Thank you, Mr. Chair. Thank you for the honour of speaking to the committee.
I'm a researcher and consultant on political narratives and women's affairs. I have conducted national studies in my country about sexual harassment and international statements for the human rights systems, and I have worked at the local and national level as a woman rights defender for 10 years.
I represent the National Women's Civic Association, an organization that has almost 50 years of working for an integral development of women to promote their public participation in Mexico and internationally, and holds consultative status in the United Nations.
I will be speaking about three matters. First, I will talk about an analysis and evaluation of the framing at the edges of sexual health and reproductive rights. Second, I want to talk about what we are not talking about that was recently discovered about sexual violence and sexual and reproductive rights. Finally, I will provide some recommendations for this study based in our local and international experience.
The first point is the evolution of the framing at the edges of sexual and health reproductive rights.
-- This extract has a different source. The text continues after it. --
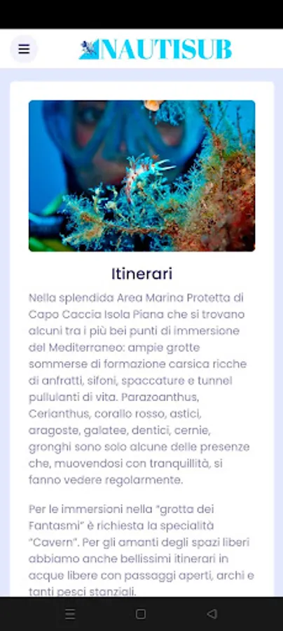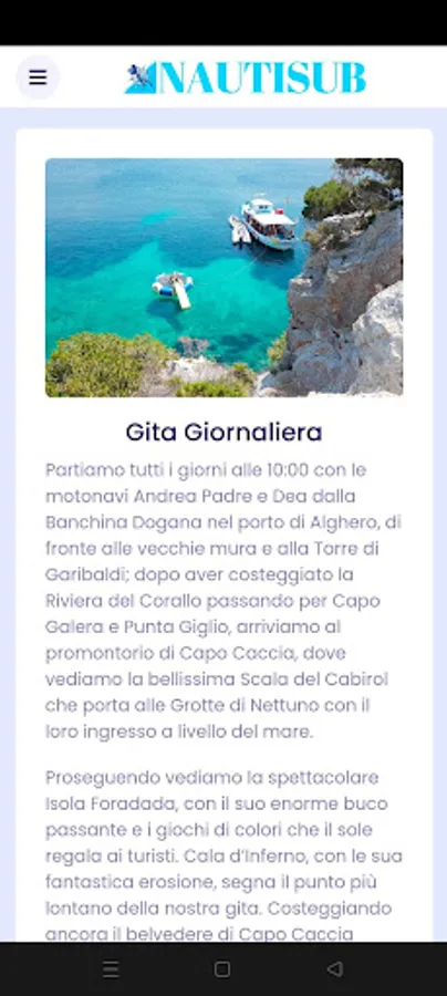 As for the Diving Center activity, Nautisub can boast the Andrea Padre, an 18-meter passenger transport motor ship with a capacity of 60 people that makes day trips in the fantastic Porto Conte Regional Natural Park and in the Capo Caccia Marine Protected Area. - Isola Piana, with lunch on board based on typical local products, snorkeling in beautiful bays full of curious fish and semi-submerged caves with plays of light that leave you breathless.
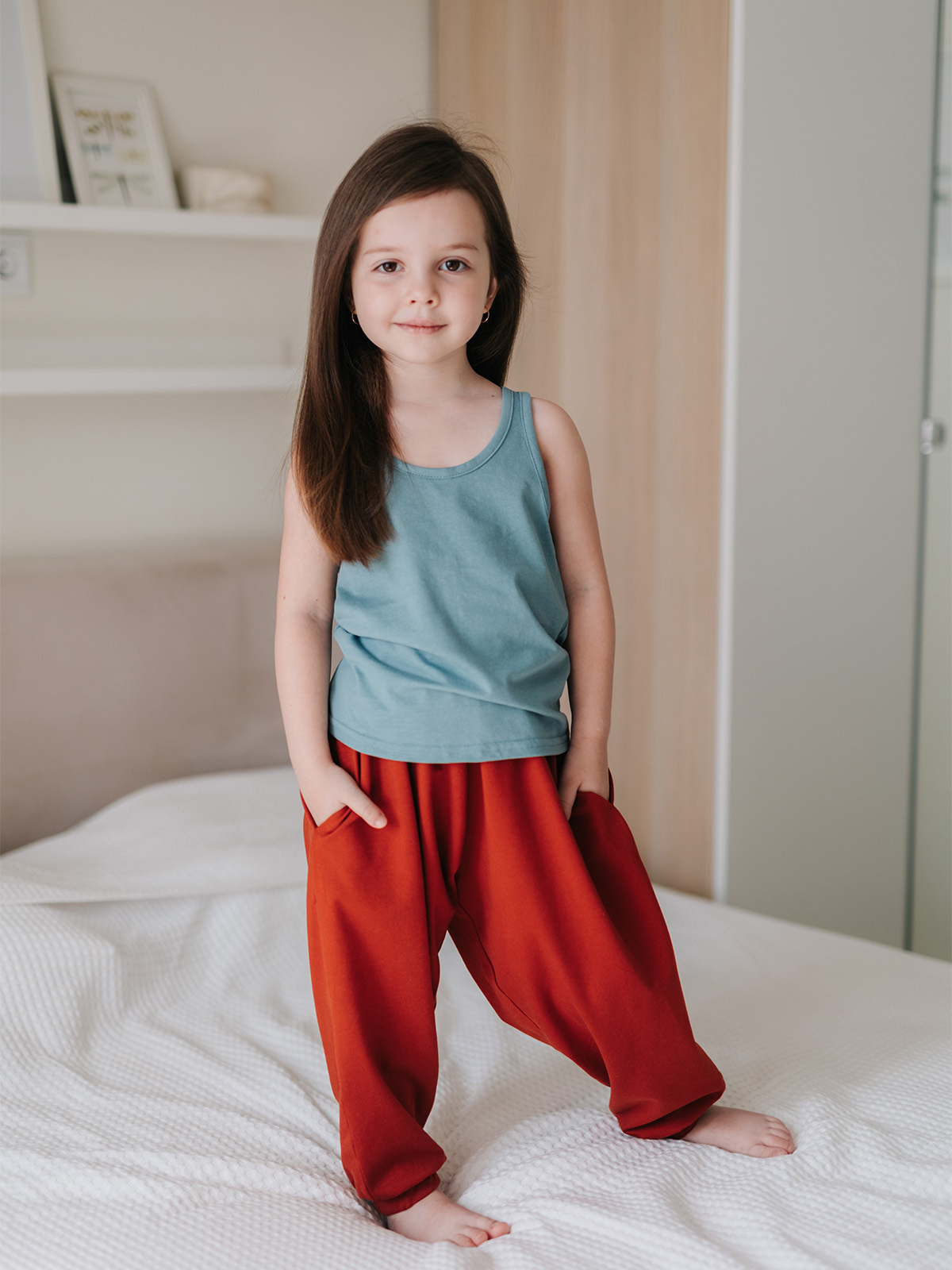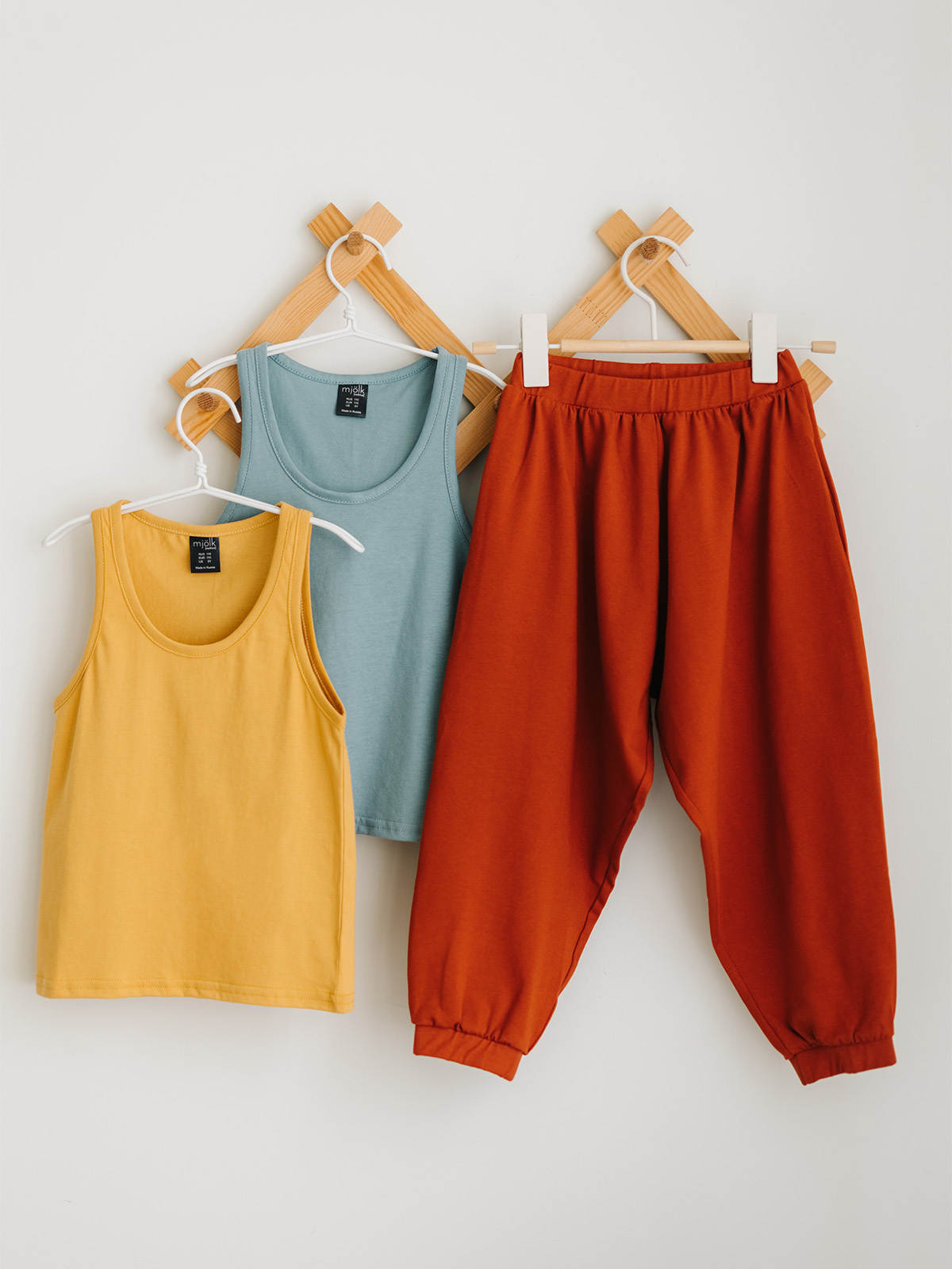 Широкие детские брюки подходят для повседневного использования дома, для сна, для походов в детский сад. Это базовые штанишки на лето для активных игр и прогулок. Пляжные штаны составят отличный комплект с футболками или майками mjolk.

The sexual and health reproductive rights are based on the idea that sexuality is a fundamental aspect of human development. The framing supporting sexual health and reproductive rights relies on three keywords: access, decision and enjoyment. These three aspects are oriented towards gaining control, autonomy and a life without violence. But which are the indicators that we usually listen to in the local application of policies, programs and international statements?
First, we have indicators that focus on specific behaviours. Some examples include the use of a condom or contraception, access to abortion, and data about sexual life. This data is necessary but it has concerning limitations. As much as we need clarity in the policies and programs, we know that this conduct does not happen in isolation. Sexual health and reproductive rights place most of the measures in the genital aspect of sex. However, reality shows us that sexuality is much more than the use of genitals and includes aspects like affectivity, desire of transcendence, bonding and past experiences of trauma and abuse.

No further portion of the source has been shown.